Data excerpts ▸
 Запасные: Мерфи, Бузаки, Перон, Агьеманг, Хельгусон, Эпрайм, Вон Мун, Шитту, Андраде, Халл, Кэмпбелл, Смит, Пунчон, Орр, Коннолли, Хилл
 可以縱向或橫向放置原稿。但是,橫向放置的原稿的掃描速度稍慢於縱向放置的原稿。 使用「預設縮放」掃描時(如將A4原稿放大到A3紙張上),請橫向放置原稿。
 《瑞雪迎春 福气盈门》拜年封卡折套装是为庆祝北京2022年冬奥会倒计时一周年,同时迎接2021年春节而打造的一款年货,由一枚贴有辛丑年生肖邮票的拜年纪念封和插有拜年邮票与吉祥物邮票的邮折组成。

...

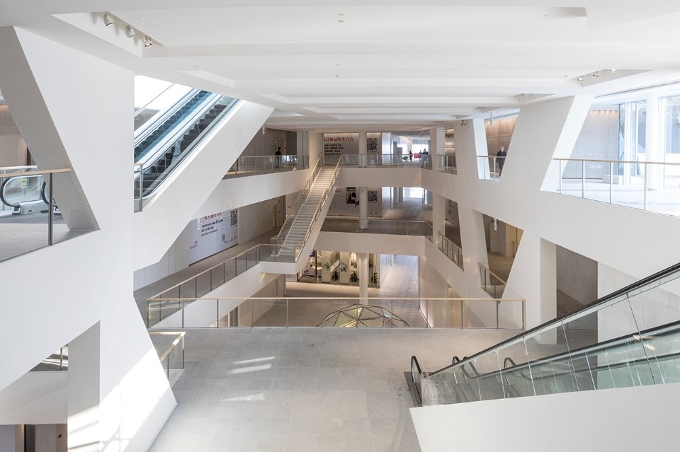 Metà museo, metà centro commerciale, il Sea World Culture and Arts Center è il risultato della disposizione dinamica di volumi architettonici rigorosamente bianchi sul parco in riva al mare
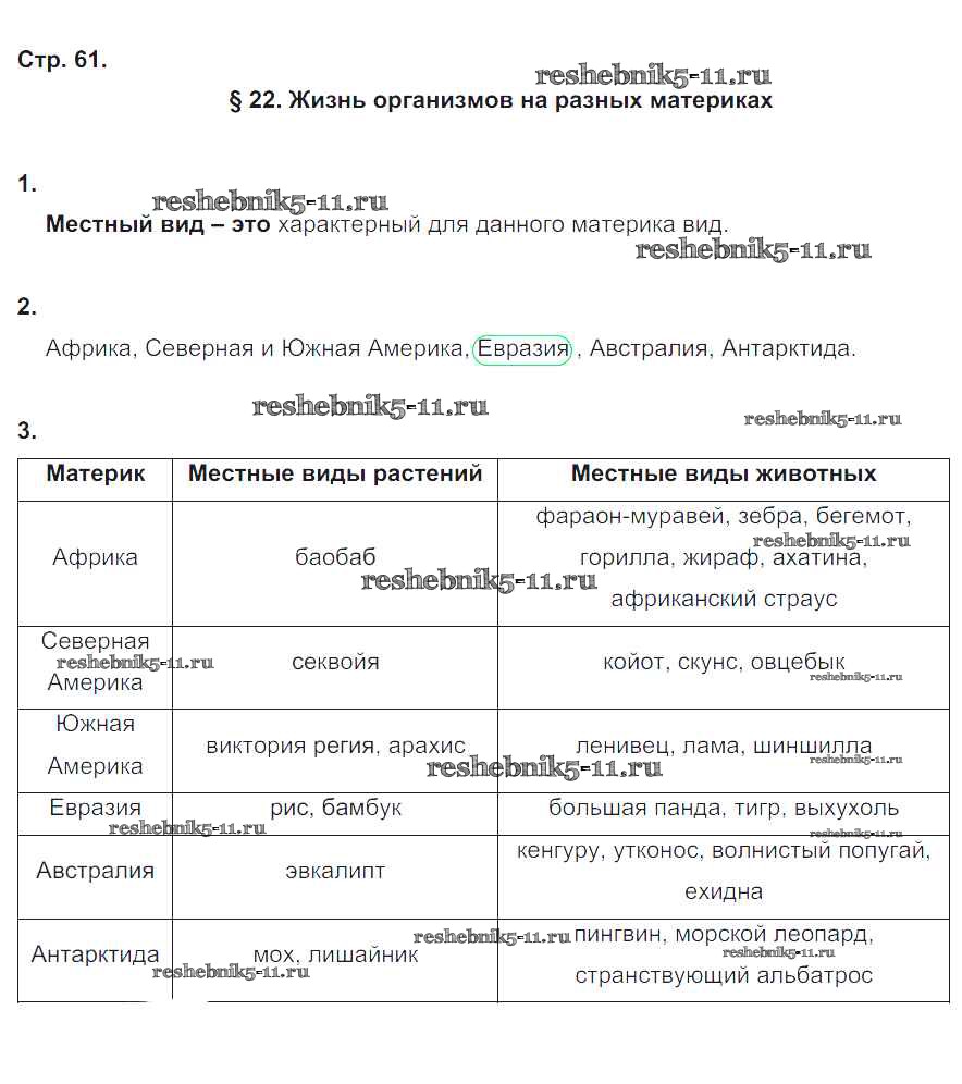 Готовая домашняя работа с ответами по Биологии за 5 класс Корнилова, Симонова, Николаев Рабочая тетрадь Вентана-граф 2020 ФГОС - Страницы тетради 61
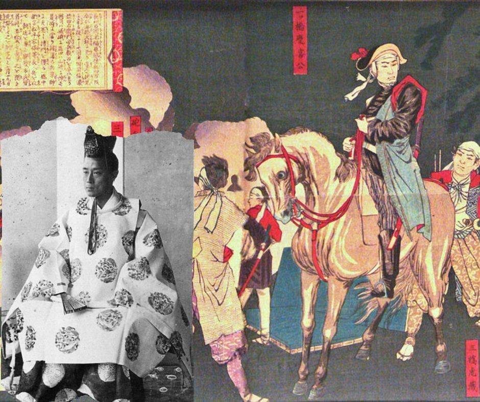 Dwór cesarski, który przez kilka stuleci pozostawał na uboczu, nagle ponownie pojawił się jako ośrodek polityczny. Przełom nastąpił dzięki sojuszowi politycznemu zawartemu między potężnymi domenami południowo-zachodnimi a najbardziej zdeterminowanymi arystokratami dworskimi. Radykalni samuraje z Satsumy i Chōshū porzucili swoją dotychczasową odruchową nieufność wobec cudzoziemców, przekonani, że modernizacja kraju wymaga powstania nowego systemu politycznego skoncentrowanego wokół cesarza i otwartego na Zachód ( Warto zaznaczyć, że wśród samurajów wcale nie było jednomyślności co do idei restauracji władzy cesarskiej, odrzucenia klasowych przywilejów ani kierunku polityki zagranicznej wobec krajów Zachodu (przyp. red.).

* * *

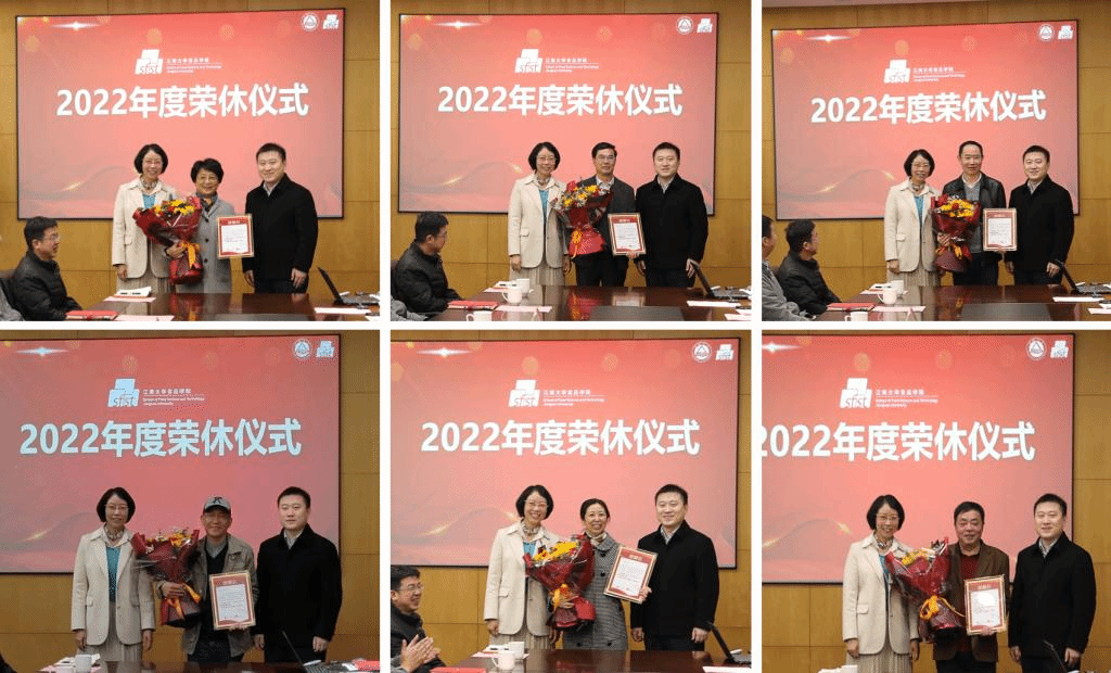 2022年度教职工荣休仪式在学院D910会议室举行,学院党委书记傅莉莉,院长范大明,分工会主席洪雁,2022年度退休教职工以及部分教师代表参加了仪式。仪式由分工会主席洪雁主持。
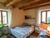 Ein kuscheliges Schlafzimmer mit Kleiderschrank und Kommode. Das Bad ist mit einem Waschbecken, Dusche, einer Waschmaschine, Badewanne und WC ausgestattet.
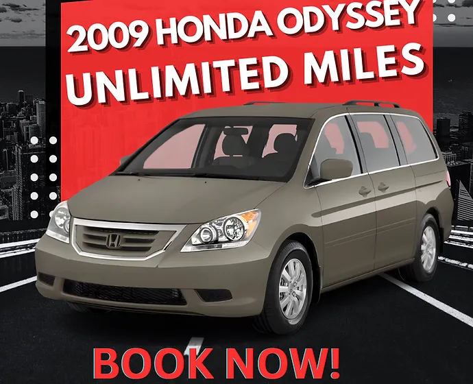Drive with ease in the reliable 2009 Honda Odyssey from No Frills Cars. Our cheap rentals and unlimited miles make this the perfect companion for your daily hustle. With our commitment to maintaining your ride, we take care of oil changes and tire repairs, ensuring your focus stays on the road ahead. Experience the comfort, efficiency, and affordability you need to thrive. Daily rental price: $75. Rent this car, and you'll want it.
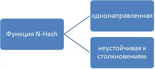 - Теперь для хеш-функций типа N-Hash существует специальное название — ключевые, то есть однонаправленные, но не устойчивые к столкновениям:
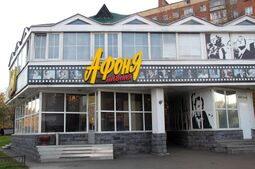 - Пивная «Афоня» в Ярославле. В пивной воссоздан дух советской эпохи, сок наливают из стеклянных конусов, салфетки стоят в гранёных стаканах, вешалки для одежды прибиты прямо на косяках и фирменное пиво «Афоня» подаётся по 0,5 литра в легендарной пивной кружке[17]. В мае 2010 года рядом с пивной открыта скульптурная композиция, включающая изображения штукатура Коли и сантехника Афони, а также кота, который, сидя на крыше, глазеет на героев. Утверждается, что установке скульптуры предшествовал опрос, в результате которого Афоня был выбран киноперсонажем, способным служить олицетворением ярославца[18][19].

Activity ▸ Would you write out exactly the lines above, starting at the line containing "Metà museo, metà" and stopping after the line containing "Готовая домашняя работа"? Omit the pictures.

Output for this task ▸
 Metà museo, metà centro commerciale, il Sea World Culture and Arts Center è il risultato della disposizione dinamica di volumi architettonici rigorosamente bianchi sul parco in riva al mare
 Готовая домашняя работа с ответами по Биологии за 5 класс Корнилова, Симонова, Николаев Рабочая тетрадь Вентана-граф 2020 ФГОС - Страницы тетради 61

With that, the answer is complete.